In a farmer's field just outside Ypsilanti, Michigan, the body of a young woman was discovered in August 1967. She was badly decomposed, so her identity was initially a mystery, but authorities soon learned that she was the co-ed from Eastern Michigan University who had been missing for three months. A suspect was developed, but leads fizzled out and the case remained unsolved.  No one realized it was the first in a series that would terrorize the area for the next two years.

Peter Hurkos
Peter Hurkos

The following year, another co-ed was murdered and unceremoniously dumped, and then in 1969 there were five more female victims, the youngest of which was only 13. Newspapers linked all seven, pressuring area police to arrest someone and bring this spree to an end. Whoever was perpetrating these crimes had clearly stepped up his pace, raping, stabbing, shooting, and mutilating girls who lived near, worked at, or attended EMU or the nearby University of Michigan in Ann Arbor. It was possible that one person had committed the crimes, but no one was sure.

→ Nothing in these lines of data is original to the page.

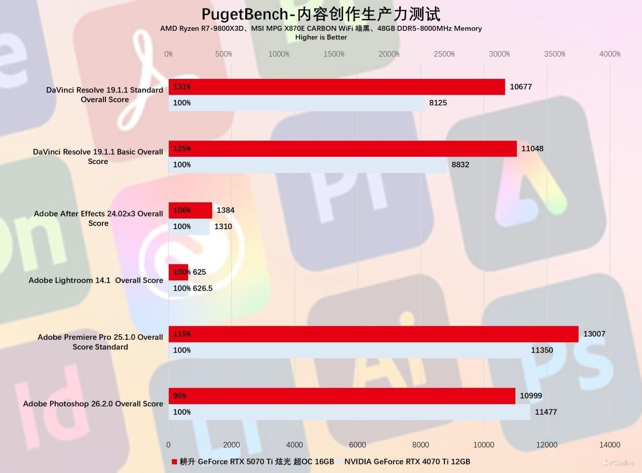 再来看看更贴合真实使用场景的创作力基准——Pugetbench创作力跑分测试,在几款Adobe基准中耕升RTX 5070 Ti 炫光在达芬奇、PR的创作软件的代际性能提升明显,达芬奇软件的测试基准得分代际提升来到了25%以上。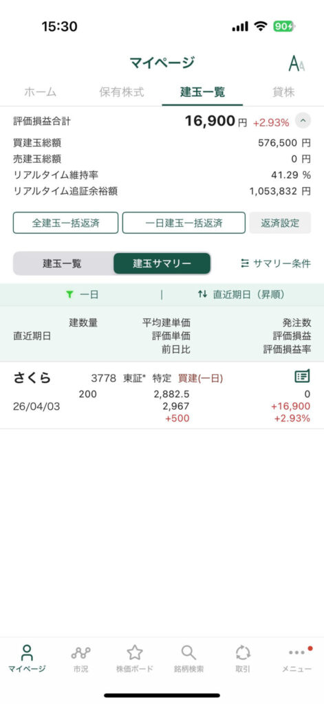 4月デイトレのみ +15万3900円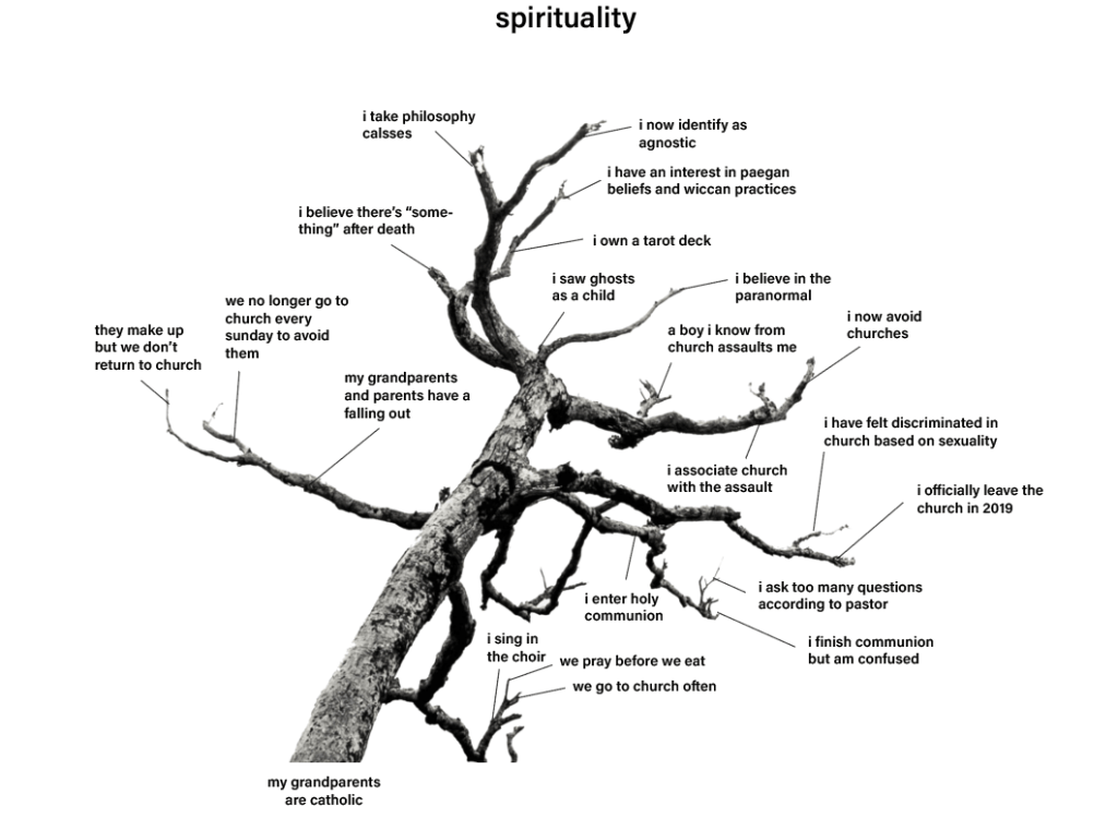 for my presentation of Frame of Reference 4 – I presented myself through a mapping method using tree branches and other segments of trees, such as roots and leaves.

Most of the bodies were left out in the open where they would be easily discovered, and eerily, while the police were investigating the burned-out barn foundation associated with two of the killings, someone placed flower blossoms close by, corresponding to the number of victims. It could have been a prank or it could have been the killer.

John Norman Collins
John Norman Collins

Fed up with the police, a citizens' group scraped together funds to invite nightclub psychic Peter Hurkos to come and solve the mystery, and he predicted another murder would occur, although he could not say just when it would happen. Shortly after, the body of 18-year-old Karen Sue Beineman was dumped within a mile of Hurkos's hotel, as if in defiance of his visit. A few weeks later, the police arrested a young elementary education student, John Norman Collins.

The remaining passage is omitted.